With this code, we get

Const char* constructor
Copy Assignment
new space was allocated
Const char* constructor
Copy constructor
new space was allocated

Using move semantic

#include <iostream>
#include <cstdio>
#include <string>
#include <cstring>
#include <vector>
using std::cout;
using std::endl;

struct MyString {
  char *s;
  size_t len;

  MyString() {
    s = NULL;
    len = 0;
  }

  MyString(MyString &&f) {  // here different
    cout << "Move constructor" << endl;
    len = f.len;
    cout << "nothing new was allocated" << endl;
    s = f.s;
    f.s = NULL;
    f.s = 0;
  }

  ~MyString() {
    if (s) delete[] s;
  }

  MyString(const char *s) {
    cout << "Const char* constructor" << endl;
    len = strlen(s);
    this->s = new char[len + 1];
    memcpy(this->s, s, len);
    this->s[len] = '\0';
  }

  MyString &operator=(MyString &&f) {  // here different
    cout << "Move Assignment" << endl;
    if (s) delete[] s;
    len = f.len;
    cout << "nothing new was allocated" << endl;
    s = f.s;
    f.s = NULL;
    f.s = 0;
    return *this;
  }
};

int main() {
  MyString s2;
  s2 = MyString("Test");
  std::vector<MyString> v;
  v.push_back(MyString("Test"));
  return 0;
}

Then we get

Const char* constructor
Move Assignment
nothing new was allocated
Const char* constructor
Move constructor
nothing new was allocated

When moved, no new memory will be allocated. So our program can be more efficient.

In addition, usually we should declare both copy constructor and move constructor. Because when we have to copy something, we can't just move it.

[DaddyTrap]

Chapter 4: unique_ptr

unique_ptr means unique pointer.

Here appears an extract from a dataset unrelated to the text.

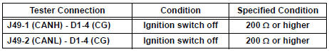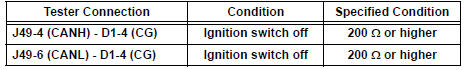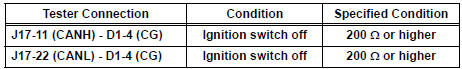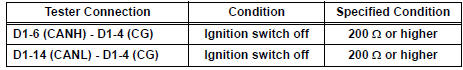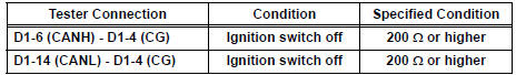 | The resistance between terminals 6 (CANH) and 4 (CG), or terminals 14 (CANL) and 4 (CG) of the DLC3 is below 200 Ω. |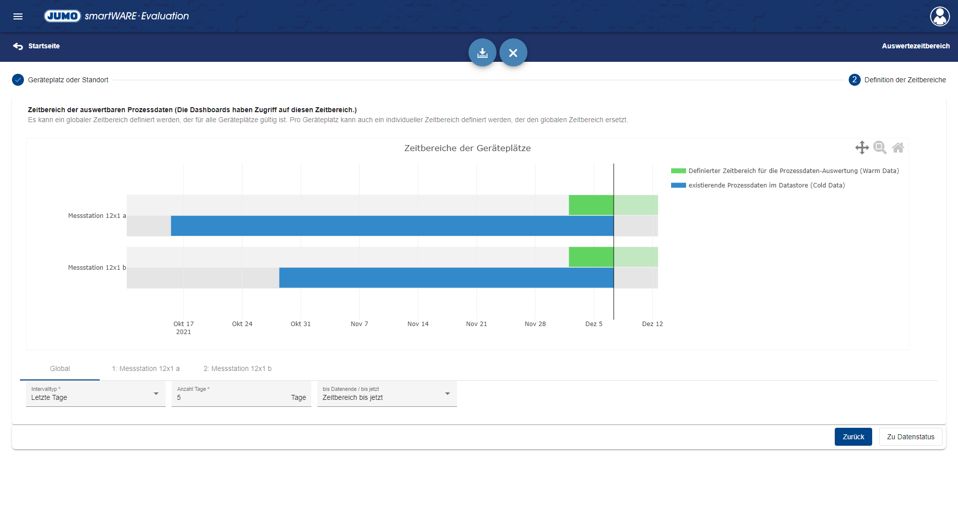 Im Menüpunkt Auswertezeitbereich wird festgelegt, auf welchen Zeitbereich der vorhandenen Daten eines verbundenen Geräts Dashboards zugreifen können. Cold Data wird hier in Warm Data “umgewandelt”.

That is, the pointer is the unique one to manage an object and it is responsible to delete the object when the pointer itself is deleted. Yes, it deletes the object in its destructor. It is useful because we can get no memory errors when using it properly. Next, let's see how we can use it.

#include <iostream>
#include <memory>

using std::unique_ptr;
int main() {
  unique_ptr<int> p(new int(10));
  std::cout << "\n";
  return 0;
}

No delete!

==11764== Memcheck, a memory error detector
==11764== Copyright (C) 2002-2013, and GNU GPL'd, by Julian Seward et al.
==11764== Using Valgrind-3.10.1 and LibVEX; rerun with -h for copyright info
==11764== Command: ./a.out
==11764== 

==11764== 
==11764== HEAP SUMMARY:
==11764==     in use at exit: 72,704 bytes in 1 blocks
==11764==   total heap usage: 2 allocs, 1 frees, 72,708 bytes allocated
==11764== 
==11764== LEAK SUMMARY:
==11764==    definitely lost: 0 bytes in 0 blocks
==11764==    indirectly lost: 0 bytes in 0 blocks
==11764==      possibly lost: 0 bytes in 0 blocks
==11764==    still reachable: 72,704 bytes in 1 blocks
==11764==         suppressed: 0 bytes in 0 blocks
==11764== Rerun with --leak-check=full to see details of leaked memory
==11764== 
==11764== For counts of detected and suppressed errors, rerun with: -v
==11764== ERROR SUMMARY: 0 errors from 0 contexts (suppressed: 0 from 0)

BUT no error!

And you can use it to manage array!

#include <iostream>
#include <memory>

using std::unique_ptr;
int main() {
  unique_ptr<int> p(new int[3]{1, 2, 3});
  std::cout << "\n";
  p.reset();
  return 0;
}

No delete!

==11778== Memcheck, a memory error detector
==11778== Copyright (C) 2002-2013, and GNU GPL'd, by Julian Seward et al.
==11778== Using Valgrind-3.10.1 and LibVEX; rerun with -h for copyright info
==11778== Command: ./a.out
==11778== 

==11778== Mismatched free() / delete / delete []
==11778==    at 0x4C2C2BC: operator delete(void*) (in /usr/lib/valgrind/vgpreload_memcheck-amd64-linux.so)
==11778==    by 0x400D03: std::default_delete<int>::operator()(int*) const (in /home/daddytrap/Homework/test/a.out)
==11778==    by 0x400C69: std::unique_ptr<int, std::default_delete<int> >::reset(int*) (in /home/daddytrap/Homework/test/a.out)
==11778==    by 0x40096B: main (in /home/daddytrap/Homework/test/a.out)
==11778==  Address 0x5a37c80 is 0 bytes inside a block of size 12 alloc'd
==11778==    at 0x4C2B800: operator new[](unsigned long) (in /usr/lib/valgrind/vgpreload_memcheck-amd64-linux.so)
==11778==    by 0x40091F: main (in /home/daddytrap/Homework/test/a.out)
==11778== 
==11778== 
==11778== HEAP SUMMARY:
==11778==     in use at exit: 72,704 bytes in 1 blocks
==11778==   total heap usage: 2 allocs, 1 frees, 72,716 bytes allocated
==11778== 
==11778== LEAK SUMMARY:
==11778==    definitely lost: 0 bytes in 0 blocks
==11778==    indirectly lost: 0 bytes in 0 blocks
==11778==      possibly lost: 0 bytes in 0 blocks
==11778==    still reachable: 72,704 bytes in 1 blocks
==11778==         suppressed: 0 bytes in 0 blocks
==11778== Rerun with --leak-check=full to see details of leaked memory
==11778== 
==11778== For counts of detected and suppressed errors, rerun with: -v
==11778== ERROR SUMMARY: 1 errors from 1 contexts (suppressed: 0 from 0)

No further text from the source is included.